D.C.: Are there any dream subjects that you’d love to photograph?
A.L.: The Pope. Really. I’ve been trying to get the Pope for some time… (she looks around the room at the pictures) I can’t compete with these pictures anymore. It’s like I go out now and I don’t want to put people in mud baths (referring to the Lauren Hutton portrait in which a semi-nude Hutton wallows up to the neck in mud).
D.C.: I had been wondering how that one came about…
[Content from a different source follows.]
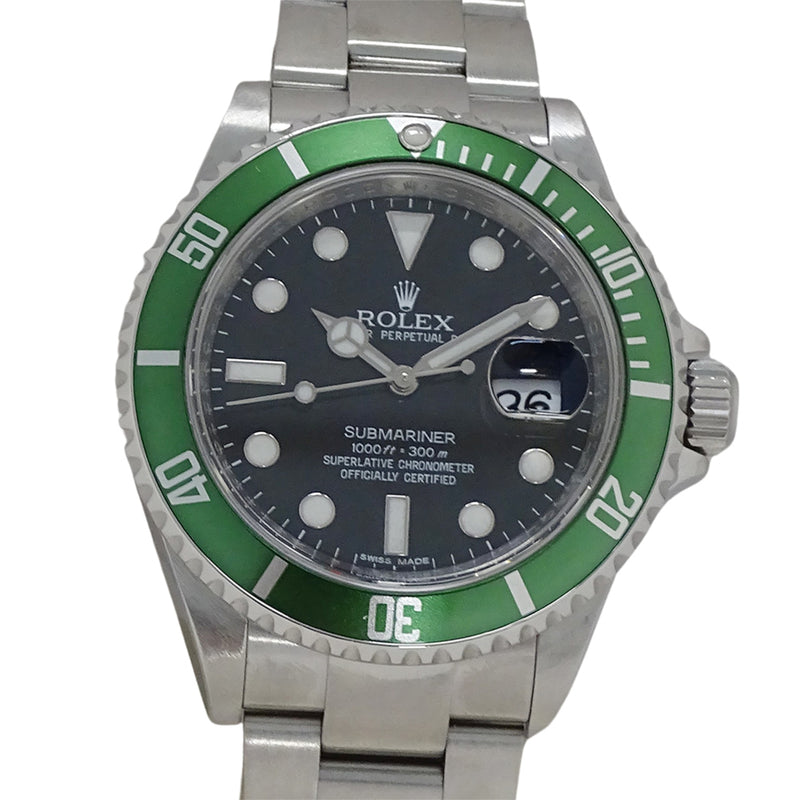 Pre-Owned Rolex Submariner Date 16610LV G-Serial Men's Automatic Watch with Stainless Steel Finish, Green Roulette, Polished

A.L.: She was going down to visit her family’s land in Oxford, Mississippi. She was finishing up her career as a fashion model and going into acting at the time, and anyone who knows that she’s a real down-to-earth girl. So I always planned to do something very natural with her, no makeup, no fancy clothes. She’s famous for just wearing jeans and men’s shirts. Originally, I had planned on shooting her in water. Just a natural study. There was a little lake on the edge of her family’s property. We were about ready to shoot in the water and there was this mud over to the side. We decided to have her lie in the mud. It’s such a great metaphor for her because she’s wearing the earth instead of Oscar de la Renta. (Annie Leibovitz, celebrity portrait artist, pauses and sighs) I feel that people have the right to look as good as they can.